* DATASET SECTION
◇ ◇ ◇ ◇ ◇

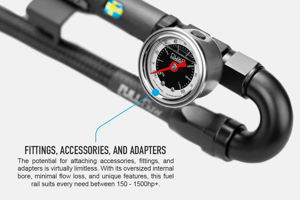 Nuke Performance fuel rail for the Audi & VW 6cyl 3.2L VR6 24V engine, oversized internals, lightweight design, and equipped with our unique injector safety clips. The Audi & Volkswagen 6cyl 3.2L VR6 24V fuel rail is delivered with brackets for the 24V 3.2L version of the VR6 engines found in different Volkswagen and Audi models, and allows you to go with AN fuel lines and aftermarket injectors for your 3.2L 24V VR6 engine. Lightweight fuel rail that fits 3.2L VR6 24V engines To be used with Bosch EV14Sxt type injectors Delivered with the needed injector adapters AN-8 ORB threads in both ends enable a high fuel flow Delivered with brackets for easy mounting to the VR6 intakes AN-6 ORB side outlet/inlet for optional applications Safe for all types of fuels, including alcoholic fuels such as E85 The Nuke Performance's newest generation of fuel rails grants an easy fit to your engine with an extremely lightweight design. It uses the unique injector safety clips that fuel rails from Nuke Performance have become famous for, which grant a leakproof seal even during a crash where the fuel rail would get torn out of the intake manifold. Perfect fitment for the Audi & VW 6cyl 3.2L VR6 24V intake manifolds. Delivered with the needed hardware to mount to the intake.The Nuke Performance Audi & VW 6cyl 3.2L VR6 24V fuel rail is delivered with brackets for the 3.2L 24V VR6 engine intakes. Volkswagen R32 3.2L VR6 2003-2009 Volkswagen Beetle RSi 3.2L VR6 2001-2003 Volkswagen Touareg 3.2L VR6 2002-2010 Audi A3 3.2L VR6 2003-2006 Audi TT 3.2L VR6 2003-2006 Please be aware that this fuel rail is incompatible with the 2.8L 24V VR6 engine from VW Golf, Jetta, GTI, GLI. The Nuke Performance fuel rail fits all the above OEM intakes and should also fit aftermarket ones built to OEM specifications. AN-8 ORB main ports and an AN-6 ORB side port, we offer a wide range of fittings and adapters to choose from.The fuel rail uses AN-8 ORB threaded fittings for each end and also offers an additional side port with AN-6 ORB thread. We offer various fittings and our low-profile full-flow banjo fittings for a space-efficient installation. AN-8 ORB main ports and AN-6 ORB side port The fuel rail is delivered with an AN-6 ORB Plug for the side ports, but the main port fittings are sold as accessories. AN-8 ORB to AN-6 Male Part # : 700-04-104 AN-8 ORB to AN-8 Male Part # : 700-04-105 AN-8 ORB to AN-10 Male Part # : 700-04-106 AN-8 ORB to AN-6 Male Full Flow Banjo Part # : 710-01-105 AN-8 ORB to AN-8 Male Full Flow Banjo Part # : 710-01-106 AN-8 ORB to AN-10 Male Full Flow Banjo Part # : 710-01-107 AN-8 ORB Plug Part # : 700-04-116 AN-8 ORB to 1/8 NPT Female Adapter Part # : 700-04-129 All Nuke Performance fuel rails use unique Injector Safety Clips that ensure a perfect seal under all conditions.One distinctive feature of Nuke Performance is its use of injector safety clips, designed to uphold a flawless seal for injectors even under the strain of extreme fuel pressure. Ensures a safe and secure seal even during extreme fuel demands Whether during assembly, engine installation, or in the unfortunate event of an accident, these clips ensure the injectors remain securely attached to the rail. This design prevents any fuel spillage, even in scenarios where the fuel pump continues to run or there is residual pressure in the fuel system. Designed and developed in Sweden, guaranteeing the highest possible finish and quality.Developed and designed in Sweden, in-house by Nuke Performance. The Audi & VW 6cyl 3.2L VR6 24V fuel rail is of the highest possible quality and has the same hallmark as all the other lightweight motorsports products from Nuke Performance. The parts from Nuke Performance are co-developed with worldwide motorsports teams, making sure that functionality, as well as the design, meets the absolute highest standards, or even sets its own standard.Order your aftermarket fuel rail today and experience the convenience and safety of our easy-to-install fuel rails. There is no substitute for the quality of Nuke Performance. Nuke Performance Audi & VW 6cyl 3.2L VR6 24V fuel rail Specifications:For more information about specifications, view the product sheet. Delivered with brackets for Volkswagen R32 3.2L VR6 2003-2009Volkswagen Beetle RSi 3.2L VR6 2001-2003Volkswagen Touareg 3.2L VR6 2002-2010Audi A3 3.2L VR6 2003-2006Audi TT 3.2L VR6 2003-2006 Injector type specification Bosch EV14 S xt style * End inlet/outlet threads AN-8 ORB ** Additional port thread AN-6 ORB ** Length 425.00mm (16.73") Height 35.60mm (1.40") Weight 316.00g (11.15oz) Fuel compatibility Petrol, Gasoline, Ethanol, E85, E100, Methanol For motorsports use YES Part # 120-09-102 EAN 7340209509458 * the fuel rail is delivered with injector adapters to lengthen three of the six injectors to mount to the intake** not included, make sure to select the needed fittings when placing an order Nuke Performance Audi & VW 6cyl 3.2L VR6 24V fuel rail includes: 1 x AN-8 ORB Full Flow fuel rail profile for Audi & VW 6cyl 3.2L VR6 24V 2 x Aluminum brackets for Audi & VW 6cyl 3.2L VR6 24V 1 x AN-6 ORB Plug 3 x EV14 injector extender adapters 3 x Bosch OEM injector clips 6 x Nuke Performance Injector safety clips 12 x MC6S M4x6mm stainless steel bolts 2 x K6S M6x12mm stainless steel bolts 3 x K6S M5x10mm stainless steel bolts
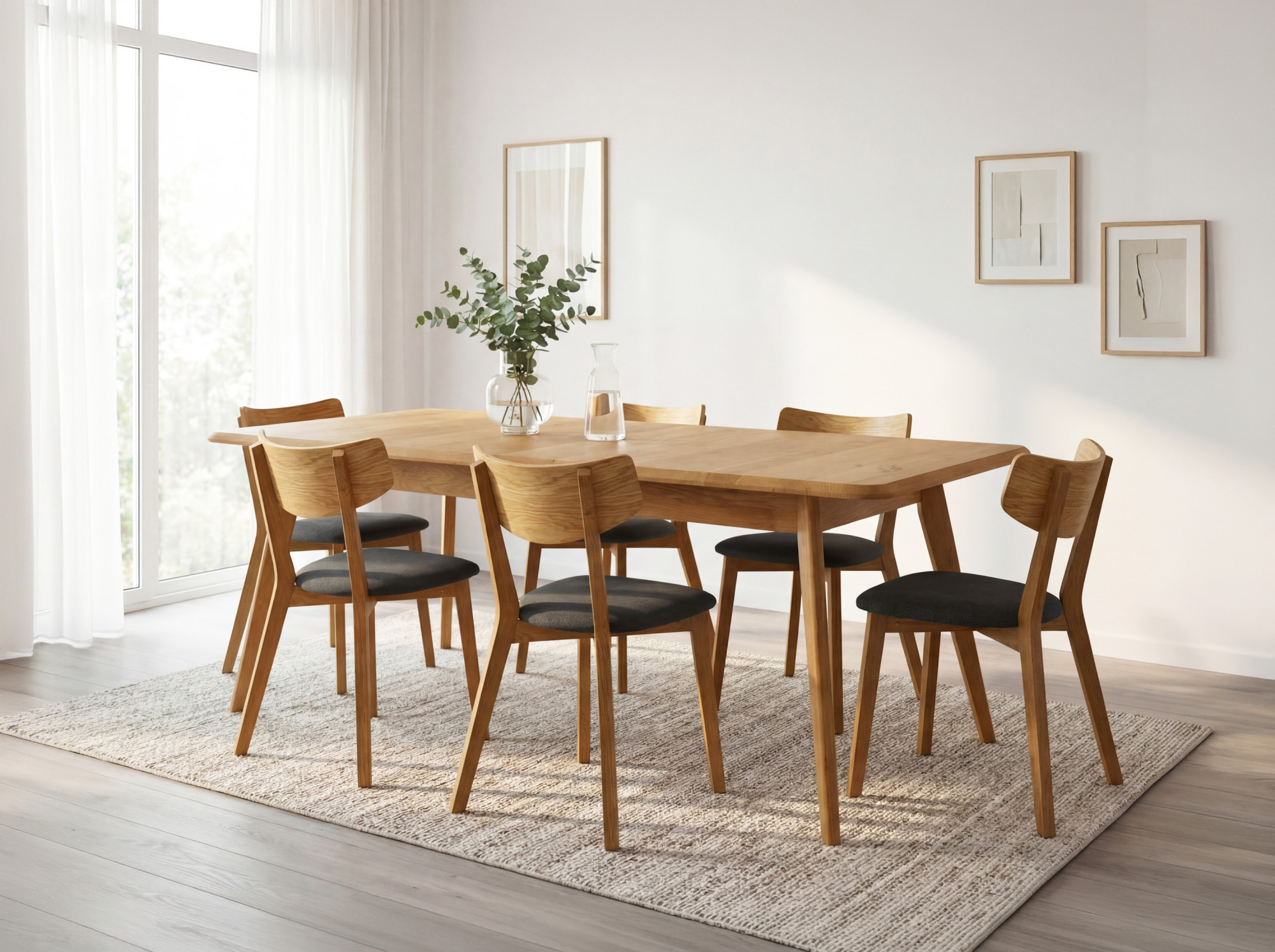 * im Bild Eichentisch Bratislava 180 x 90 und Esstischstuhl Jonathan in hellem Stoff.
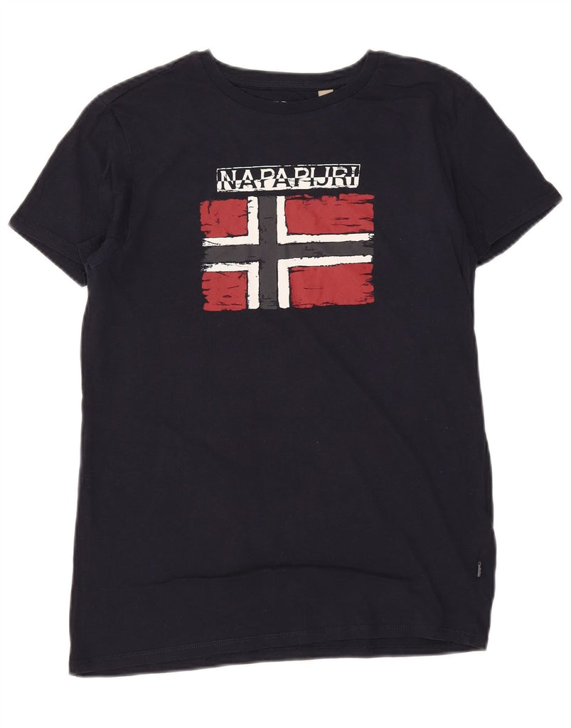 NAPAPIJRI Boys Graphic T-Shirt Top 13-14 Years Navy Blue Cotton
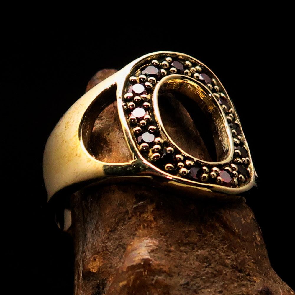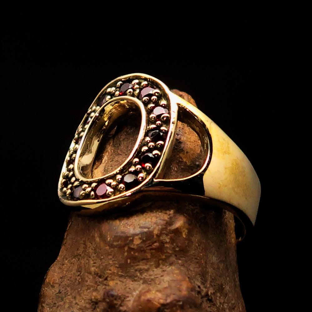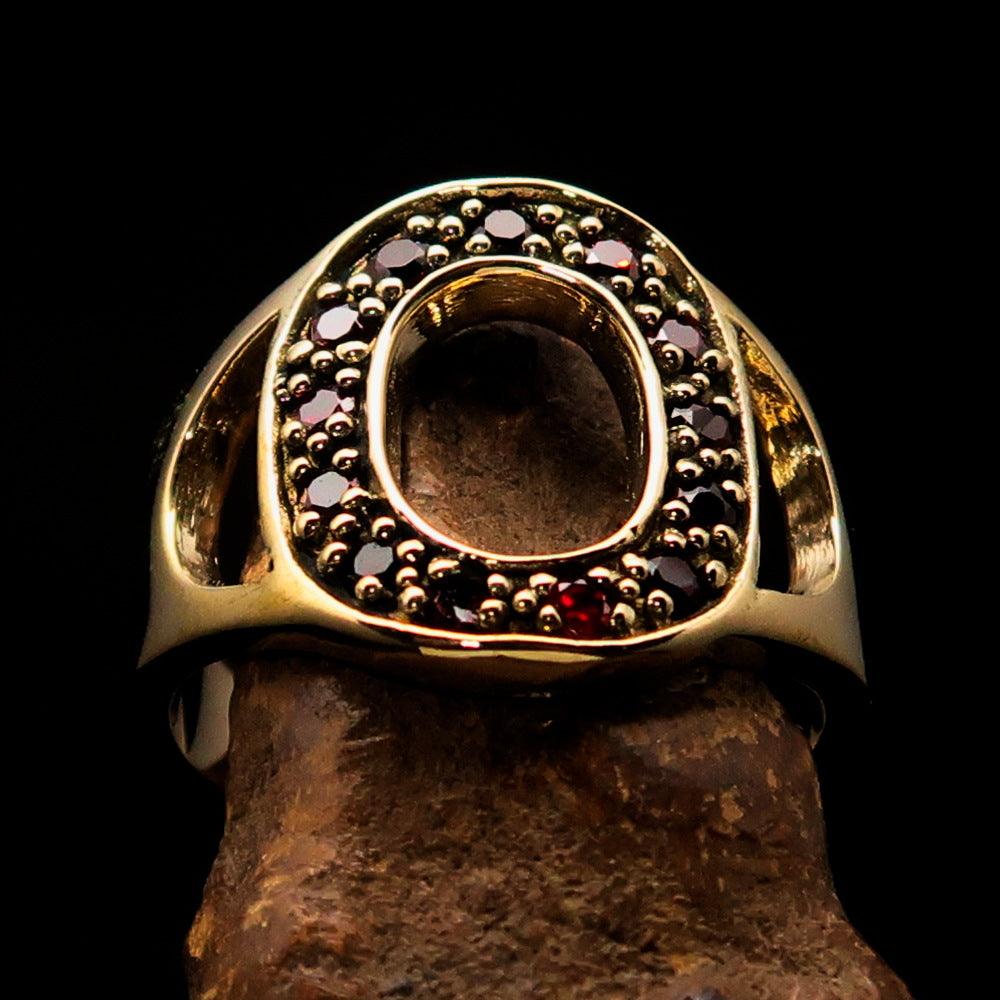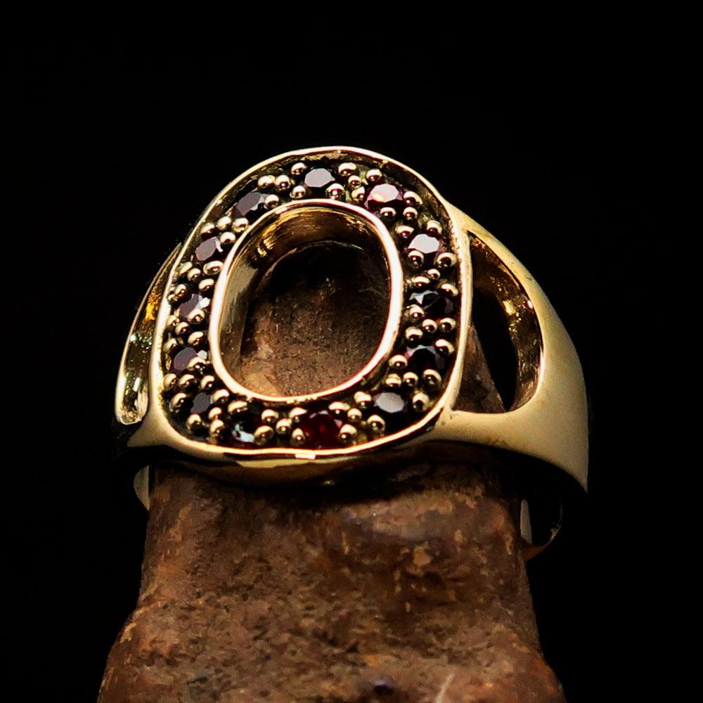 Excellent crafted Initial Ring featuring a bold letter O, adorned with 13 red Cubic Zirconias, made from solid brass with a mirror polished finish.

◇ ◇ ◇ ◇ ◇

* TASK OBJECTIVE
Take the line with "in hellem Stoff." and each line after it through the end of the material above, and reproduce them exactly, both ends included, without pictures.

* FINAL ANSWER
 * im Bild Eichentisch Bratislava 180 x 90 und Esstischstuhl Jonathan in hellem Stoff.
 NAPAPIJRI Boys Graphic T-Shirt Top 13-14 Years Navy Blue Cotton
 Excellent crafted Initial Ring featuring a bold letter O, adorned with 13 red Cubic Zirconias, made from solid brass with a mirror polished finish.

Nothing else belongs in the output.